For the material below, reproduce exactly each line from the one that has "WWII U.S. O.D." through the one that has "編集用のツールや情報の表示エリアを折りたため、画像を大きく表示して作業できます。", and no others; pictures stay out.

- [THE RECORDS]
==============================
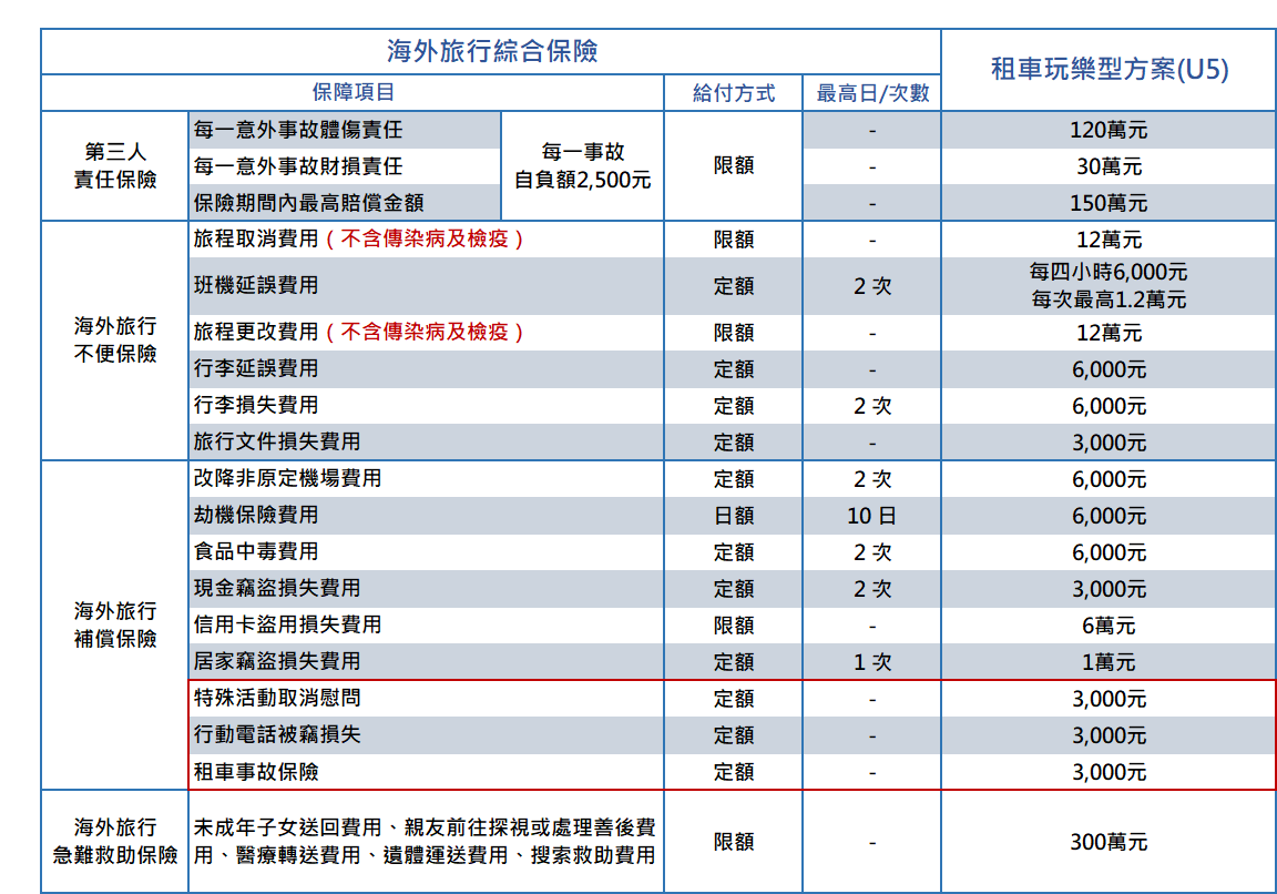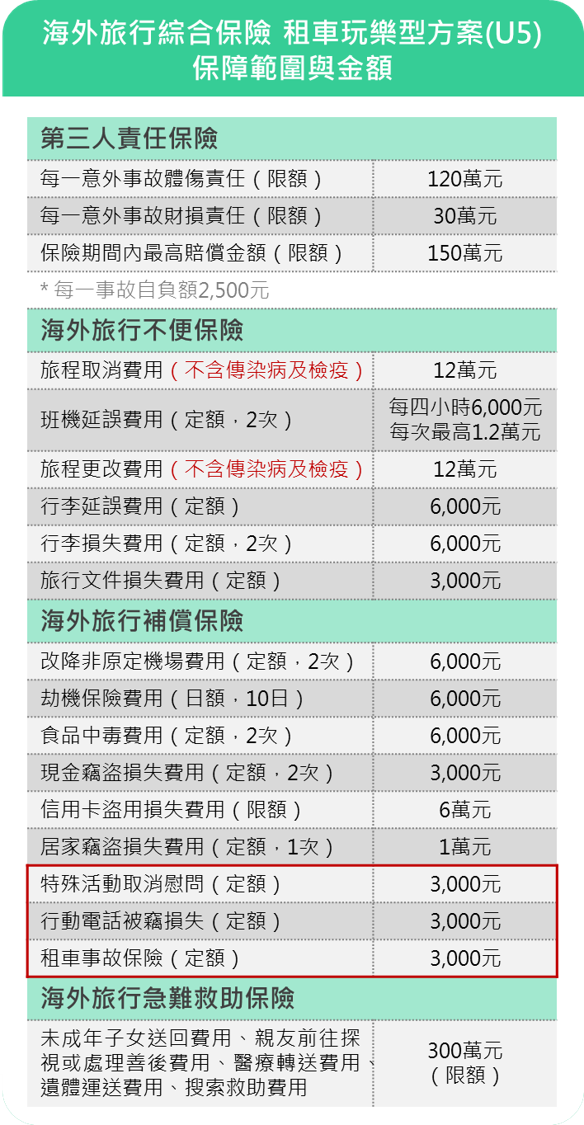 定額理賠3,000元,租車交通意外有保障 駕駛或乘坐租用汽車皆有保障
==============================
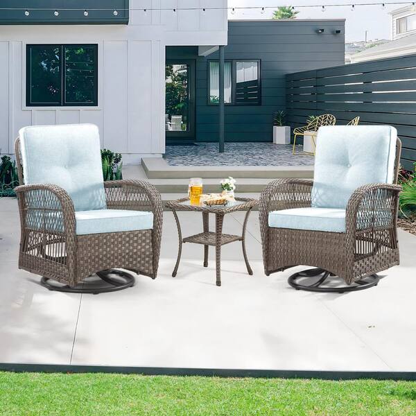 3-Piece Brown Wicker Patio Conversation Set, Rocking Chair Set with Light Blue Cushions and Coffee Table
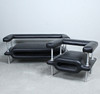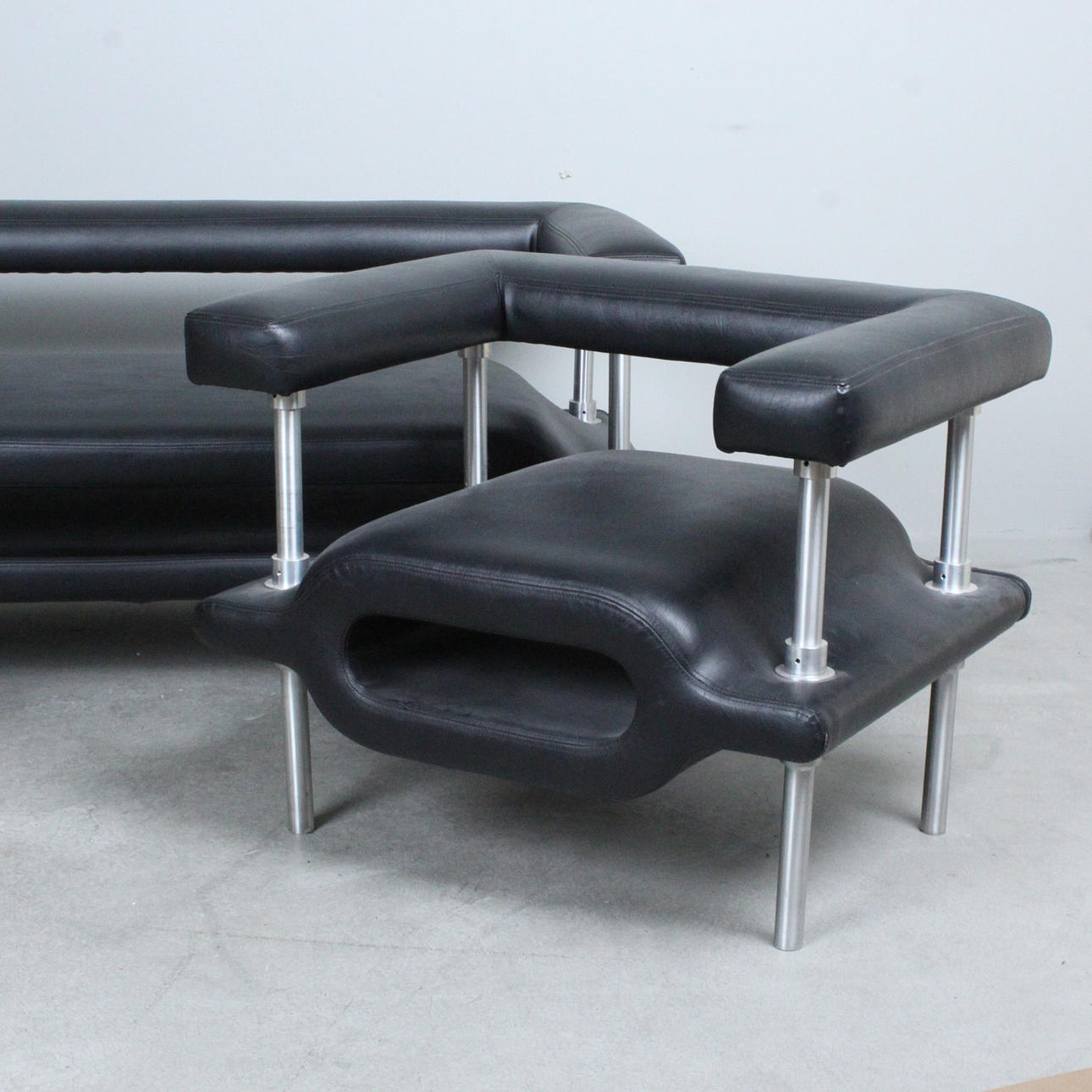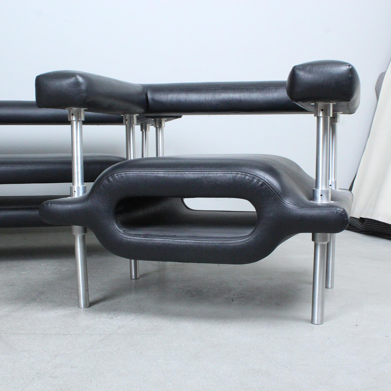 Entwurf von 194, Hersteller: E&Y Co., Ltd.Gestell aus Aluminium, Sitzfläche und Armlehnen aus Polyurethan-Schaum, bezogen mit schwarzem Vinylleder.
==============================
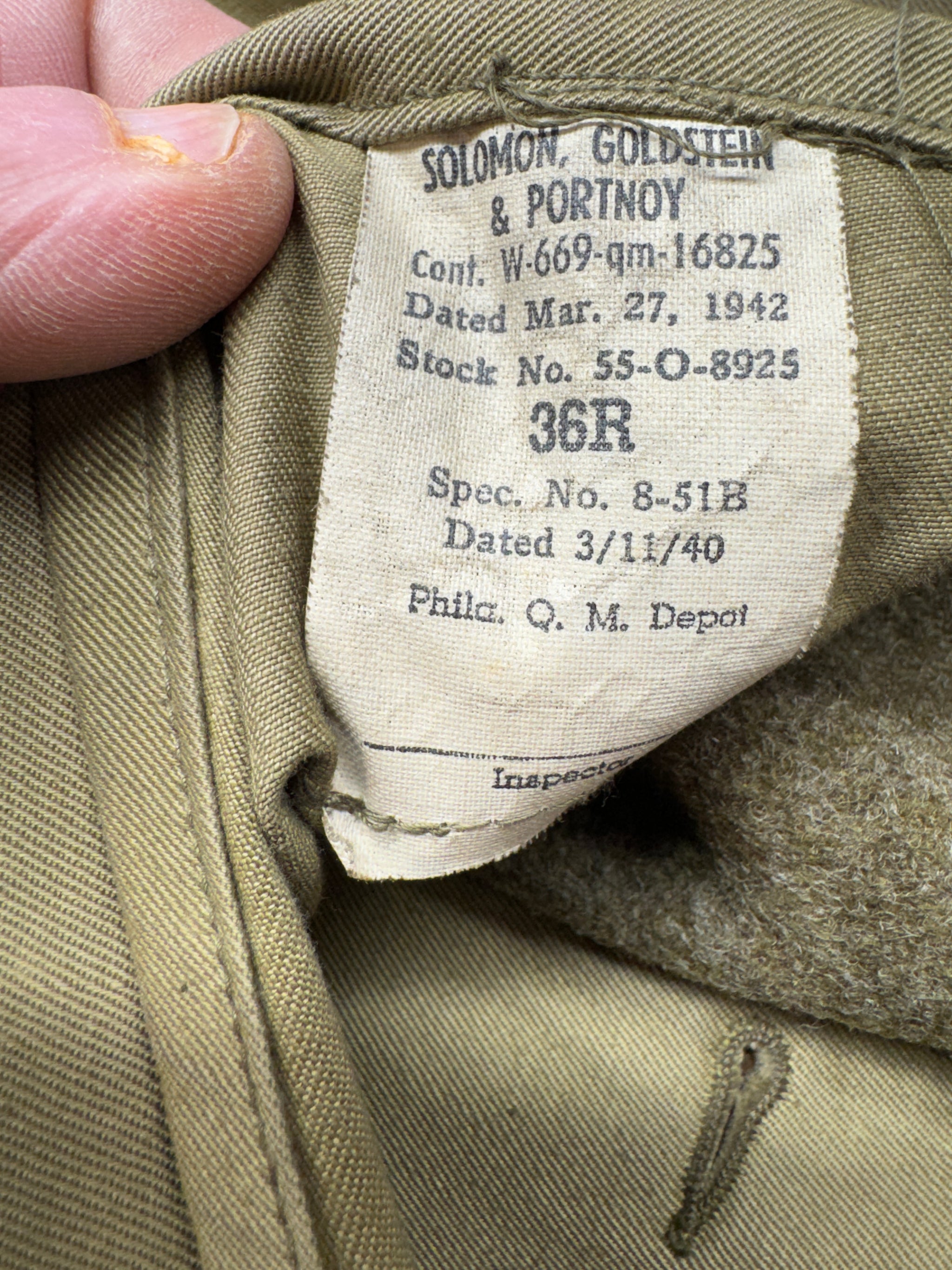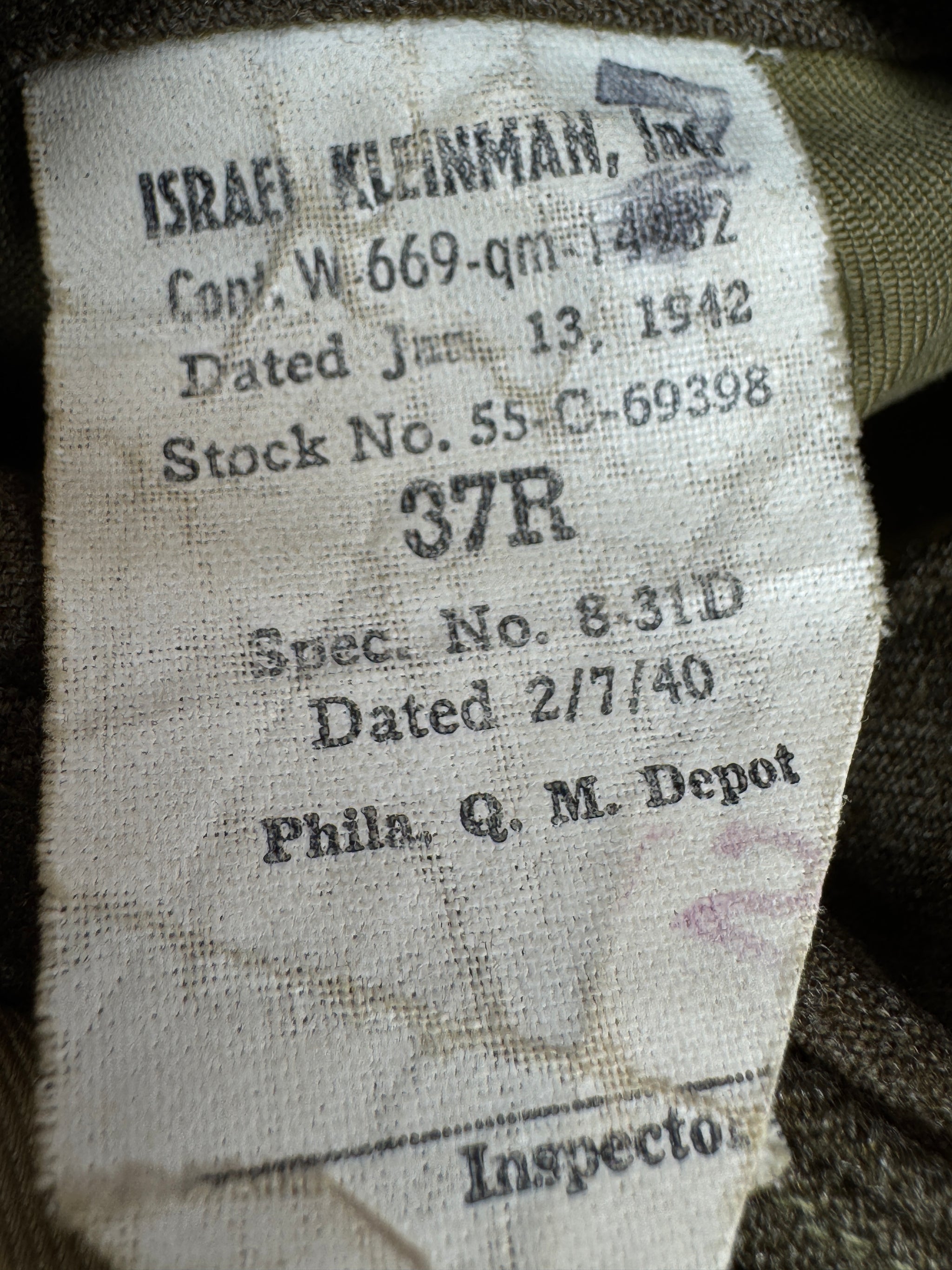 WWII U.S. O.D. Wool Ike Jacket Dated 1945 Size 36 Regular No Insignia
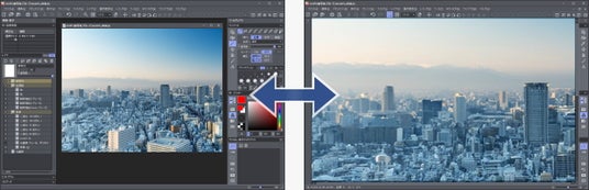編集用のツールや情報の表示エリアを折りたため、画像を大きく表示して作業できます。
==============================
- [EXERCISE OUTPUT]
 WWII U.S. O.D. Wool Ike Jacket Dated 1945 Size 36 Regular No Insignia
編集用のツールや情報の表示エリアを折りたため、画像を大きく表示して作業できます。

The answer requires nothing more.